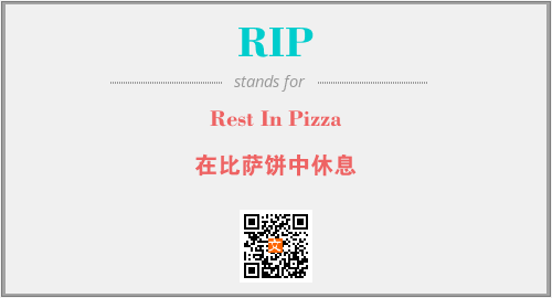 以上为Rest In Pizza英文缩略词RIP的中文解释,以及该英文缩写在英语的流行度、分类和应用领域方面的信息。
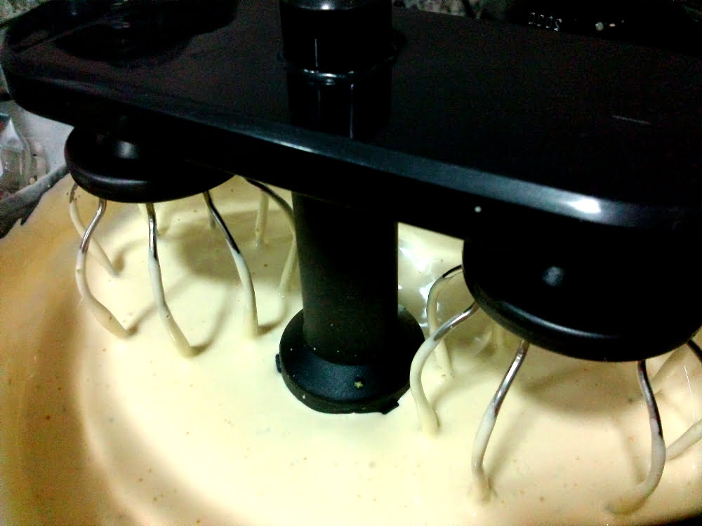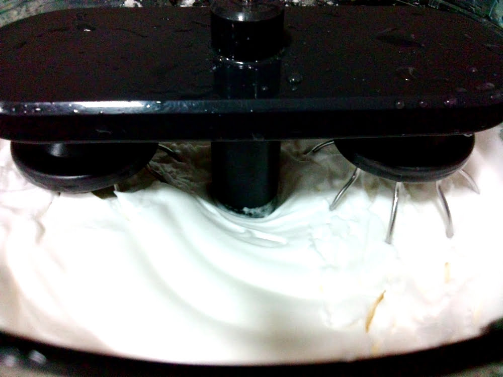 Na mesma batedeira (depois de lavá-la), bater as claras em ponto de neve (por 10 minutos em velocidade média) e adicionar o açúcar aos poucos (batendo por mais 5 minutos).
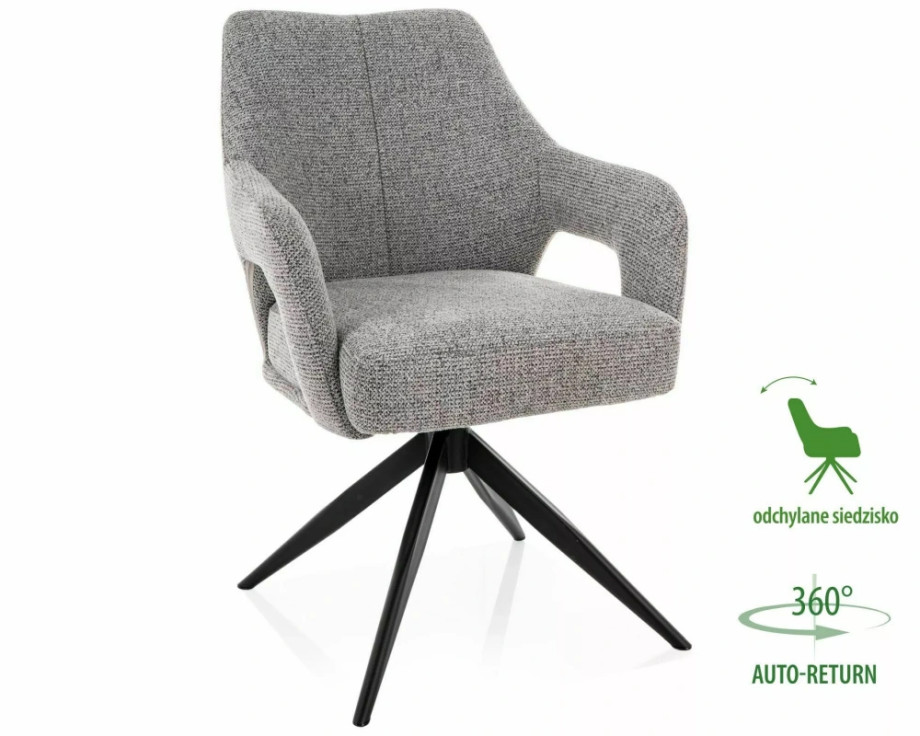 Кресло, обивка: ткань Noelle, каркас: металл, цвет: серый 09/матовый черный. Функция автоматического возврата – сиденье вращается на 360 градусов, с функцией возврата в исходное положение, функция наклона сиденья.
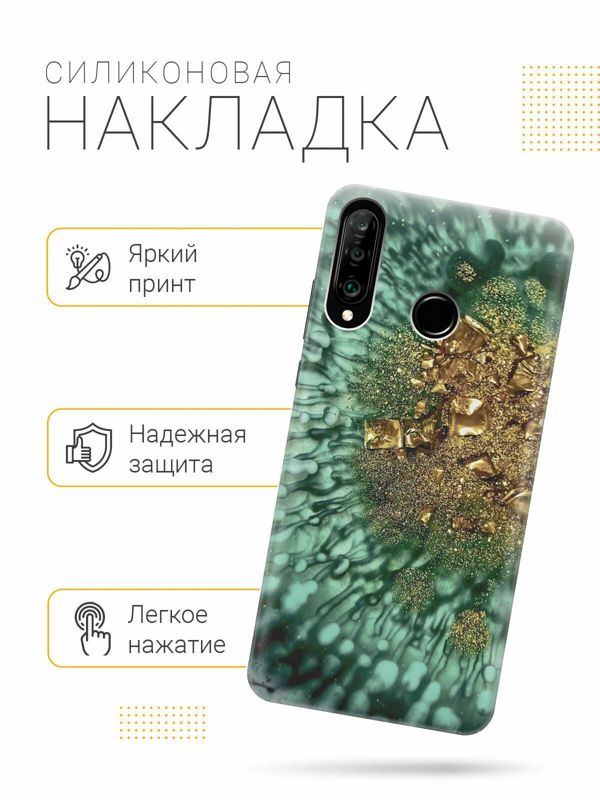 Силиконовый чехол на Huawei P30 Lite, Honor 20 Lite, Honor 20s, Хуавей П30 Лайт, Хонор 20 Лайт, Хонор 20s с принтом "Золото и изумрудные краски" информация:

### [YOUR ASSIGNMENT]
Each line from the one that holds "Na mesma batedeira" through the end of the material should be repeated exactly, and nothing more. Leave out any picture.

### [ANSWER SPACE]
 Na mesma batedeira (depois de lavá-la), bater as claras em ponto de neve (por 10 minutos em velocidade média) e adicionar o açúcar aos poucos (batendo por mais 5 minutos).
 Кресло, обивка: ткань Noelle, каркас: металл, цвет: серый 09/матовый черный. Функция автоматического возврата – сиденье вращается на 360 градусов, с функцией возврата в исходное положение, функция наклона сиденья.
 Силиконовый чехол на Huawei P30 Lite, Honor 20 Lite, Honor 20s, Хуавей П30 Лайт, Хонор 20 Лайт, Хонор 20s с принтом "Золото и изумрудные краски" информация:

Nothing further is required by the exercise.